³Department of Epidemiology and Lineberger Comprehensive Cancer Center, University of North Carolina at Chapel Hill, Chapel Hill, NC 27599, USA

⁴Veterinary and Animal Sciences, University of Massachusetts, Amherst, MA 01003, USA

author email corresponding author email

Cancer Cell International 2009, 9:11doi:10.1186/1475-2867-9-11


Published:	7 May 2009

Abstract

Background

The Wnt family of secreted proteins is implicated in the regulation of cell fate during development, as well as in cell proliferation, morphology, and migration. Aberrant activation of the Wnt/β-catenin signaling pathway leads to the development of several human cancers, including breast cancer. Secreted frizzled-related protein 1 (SFRP1) antagonizes this pathway by competing with the Frizzled receptor for Wnt ligands resulting in an attenuation of the signal transduction cascade.

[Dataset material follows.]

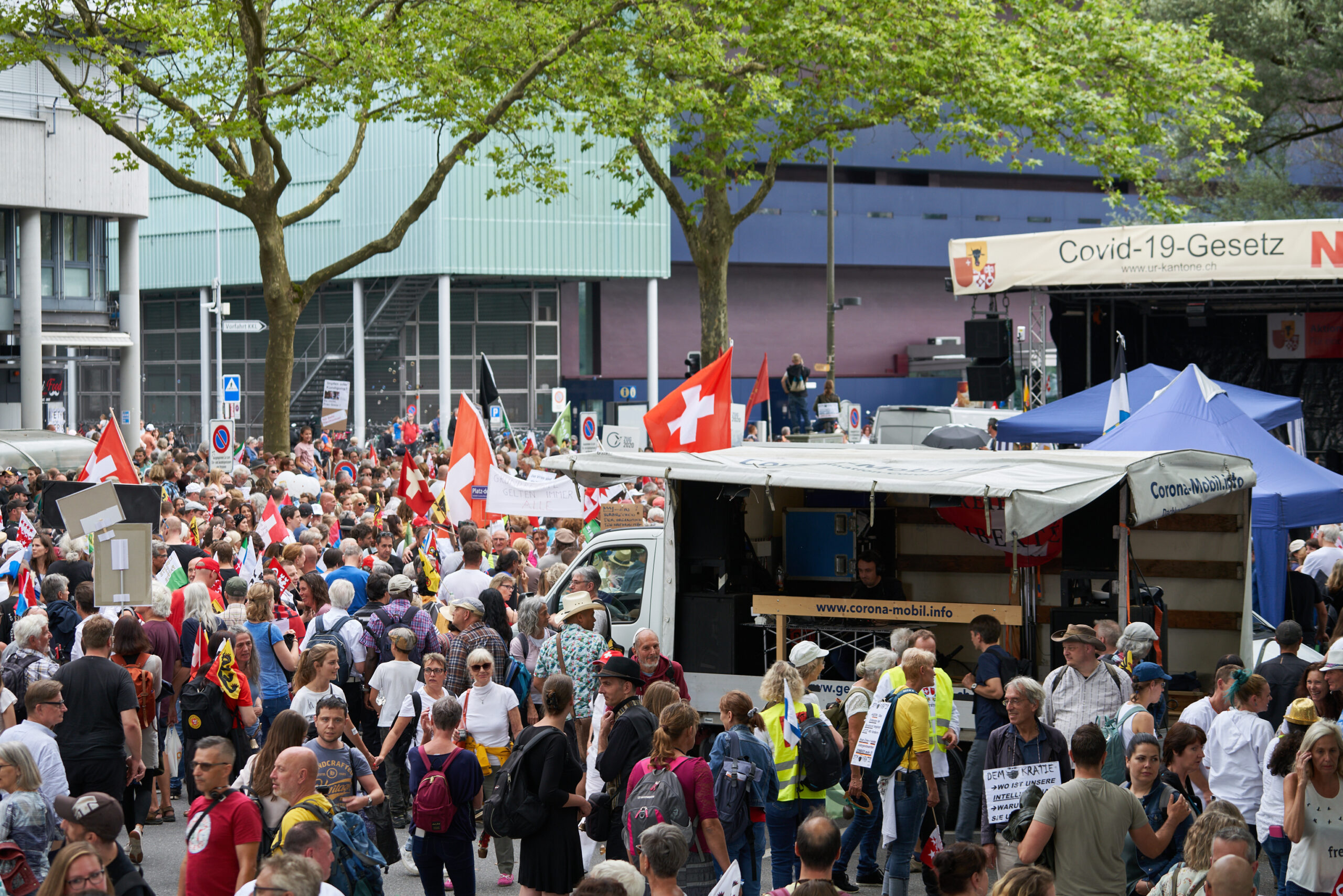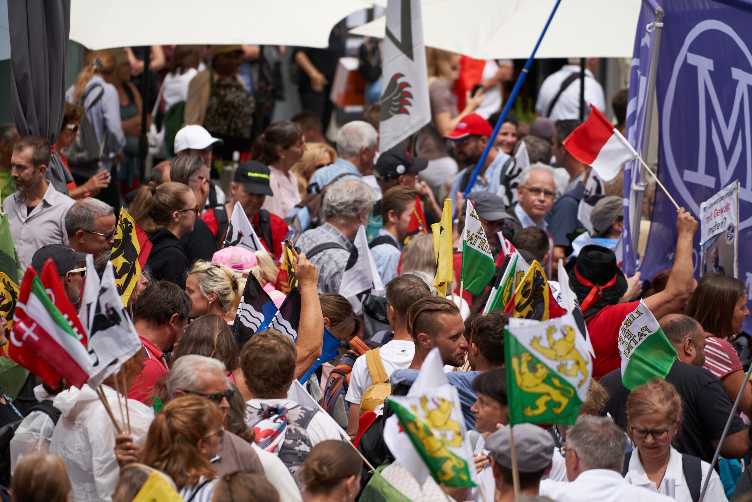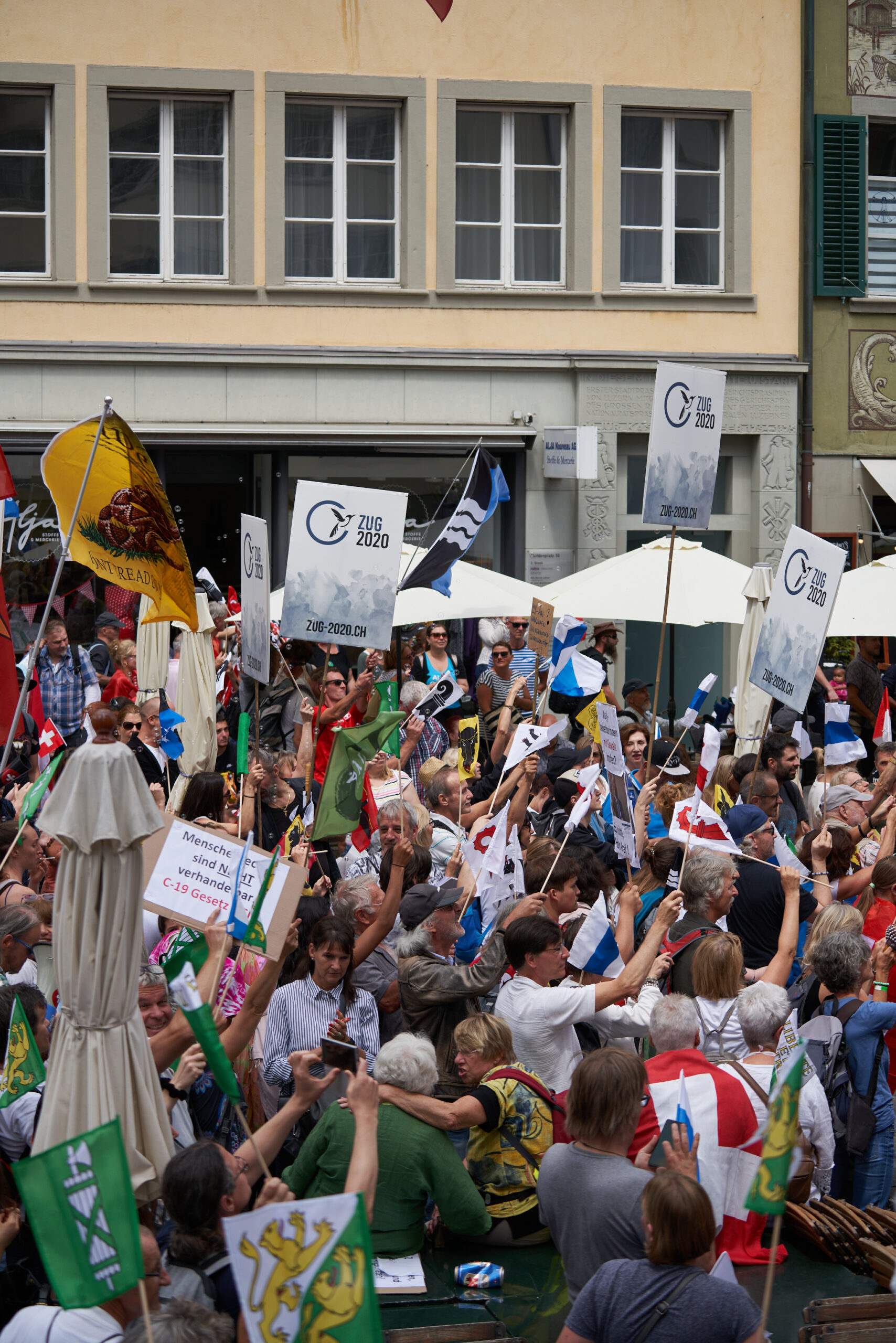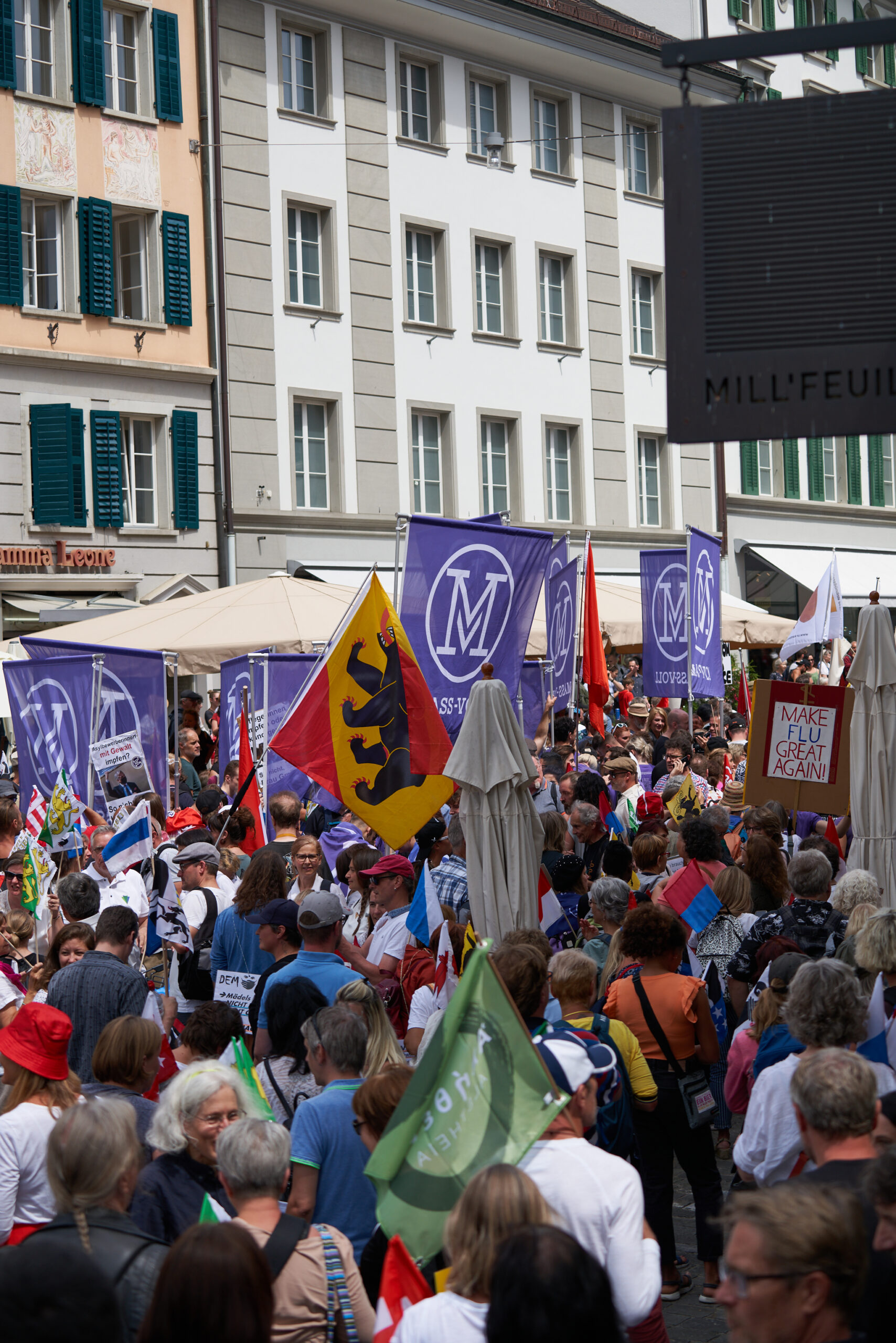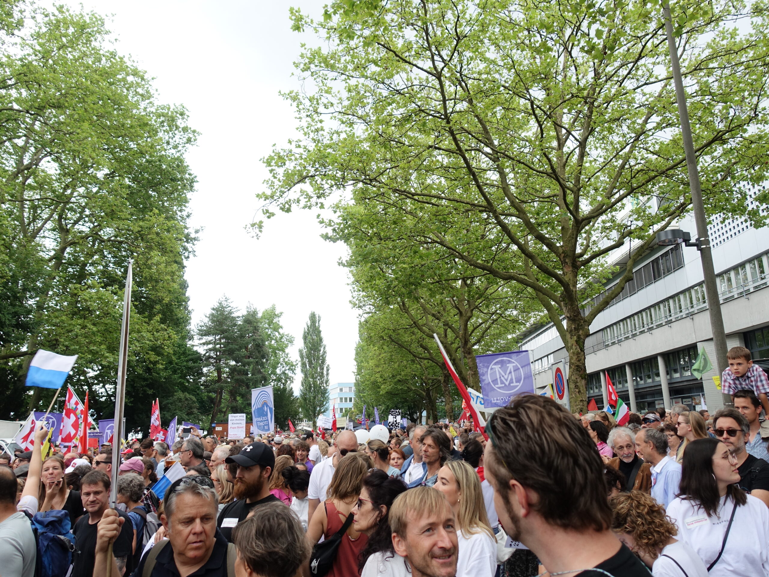 Der Mühlenplatz, von wo aus der Marsch um 14 Uhr startete, war um 13 Uhr schon ziemlich voll mit Menschen und es kamen immer mehr hinzu, aus allen Regionen der Schweiz. Überall sah man selbstbeschriftete Plakate und bunte Fahnen mit den Schweizer Kantonswappen, aber vorallem:

Loss of SFRP1 expression is observed in breast cancer, along with several other cancers, and is associated with poor patient prognosis. However, it is not clear whether the loss of SFRP1 expression predisposes the mammary gland to tumorigenesis.

Results

When SFRP1 is knocked down in a non-malignant immortalized mammary epithelial cell line (76 N TERT), nuclear levels of β-catenin rise and the Wnt pathway is stimulated. The SFRP1 knockdown cells exhibit increased expression of the pro-proliferative Cyclin D1 gene and increased cellular proliferation, undergo a partial epithelial-mesenchymal transition (EMT), are resistant to anchorage-independent cell death, exhibit increased migration, are significantly more invasive, and exhibit a CD24^low/CD44^highcell surface marker expression pattern.

Conclusion

Our study suggests that loss of SFRP1 allows non-malignant cells to acquire characteristics associated with breast cancer cells.